The Firm complies with the Proceeds of Crime Act 2002 and has procedures and controls in place designed to prevent money laundering. If the Firm suspects that any money laundering offences are being, or have been, committed, in accordance with its legal responsibilities, the Firm will disclose its suspicions to the appropriate authorities. The Client accepts that the Firm’s legal obligations will take precedence over instructions received from the Client where such instructions, if carried out, would result in a breach of the Firm’s duties under the law.
In certain circumstances, the Firm may require proof of identity from the Client before accepting or acting on instructions.
The Firm will not accept either single cash payments exceeding £5,000 (or the Euro equivalent) or linked payments/transactions where the total will exceed the £5,000 limit.
The Firm adheres to the 2010 Bribery Act with particular reference to Section 9. The Bribery Act modernises the law on bribery. It came into force on the 1st July 2011. AKN Engineering Limited comply with our Guidance on bribery, a copy of which is available to all members of staff within our office.
The Firm retains client files without charge (and without liability) for ten years after which then may be confidentially disposed of.

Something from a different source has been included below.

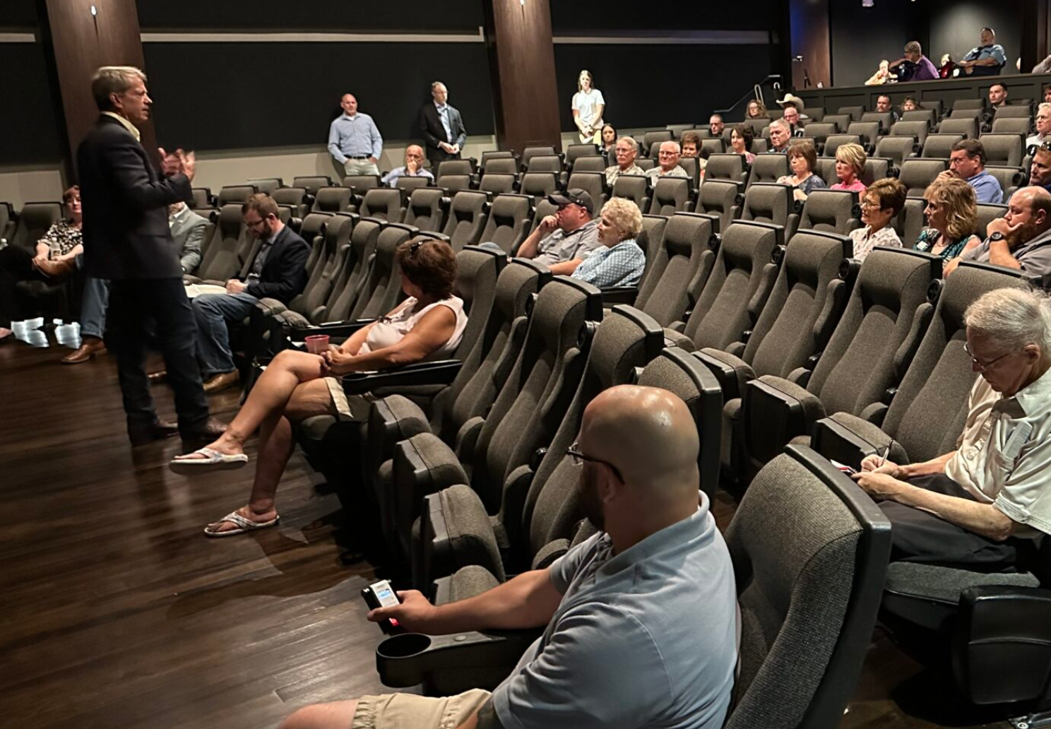 Many in the group of more than 80 people at the Sun Theatre for one of Pillen’s town halls cheered Wednesday when he repeated the stance he campaigned on: He wants to ban abortion at conception. Abortion-rights advocates have pledged to fight such a goal.

As between the Firm and the Client, all Intellectual Property Rights and other rights in any Materials provided to the Client by the Firm shall be owned by the Firm. Subject to payment of all sums properly due to it under the Agreement, the Firm hereby licences all such rights to the Client free of charge and on a non-exclusive, royalty free basis to such extent as is necessary to enable the Client to make reasonable and proper use of the Services. The Firm shall not be liable for any use by the Client of any Materials provided by the Firm for a purpose other than that for which it was prepared. If the Firm terminates the Agreement, this licence will automatically terminate.

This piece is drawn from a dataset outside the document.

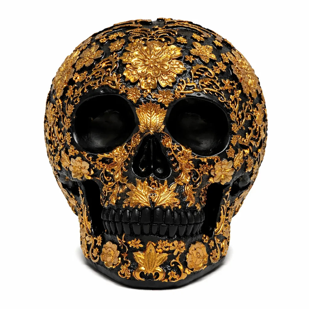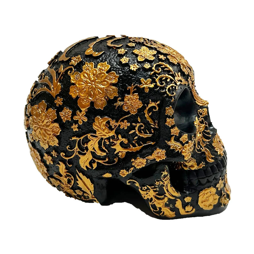- The skull features a deep black base with raised gold patterns.

The Firm operates a quality control system and the Firm’s procedures are audited by an external auditor.
The Firm is committed to ensure that quality is applied and managed in every aspect of the administration of the Firm and the Services undertaken on behalf of Clients.

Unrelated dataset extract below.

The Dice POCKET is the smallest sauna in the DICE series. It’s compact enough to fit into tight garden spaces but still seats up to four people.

Should the Services provided by the Firm not fully comply with the anticipated standard of quality, the Firm operates a Complaints Handling Procedure and redress mechanism, which is recognised by the Royal Institution of Chartered Surveyors (RICS), a copy is available on request.
The Firm complies with the requirements of the Data Protection Acts.
Unless otherwise stated in the Terms of Engagement Letter, dates/times for performance of the Service will not ordinarily be specified and shall not be of the essence although the Firm will always strive to meet Client deadlines where set.
If any provision (or part of a provision) of these Terms is found by any court or administrative body competent of jurisdiction to be invalid, unenforceable or illegal, the other provisions shall remain in force. If any invalid, unenforceable or illegal provision would be valid, enforceable or legal if some part of it were deleted, that provision will apply with whatever modification is necessary to make it valid, enforceable and legal.
The Agreement is made for the benefit of the Parties and (where applicable) their successors and permitted assigns and it is not intended to benefit or be enforceable by anyone else, whether under the Contracts (Rights of Third Parties) Act 1999, or otherwise.
The Agreement and these Terms and any dispute or claim arising out of, or in connection with, them or their subject matter, shall be governed by, and construed in accordance with, the laws of England and Wales and the Parties irrevocably submit to the exclusive jurisdiction of the courts of England and Wales.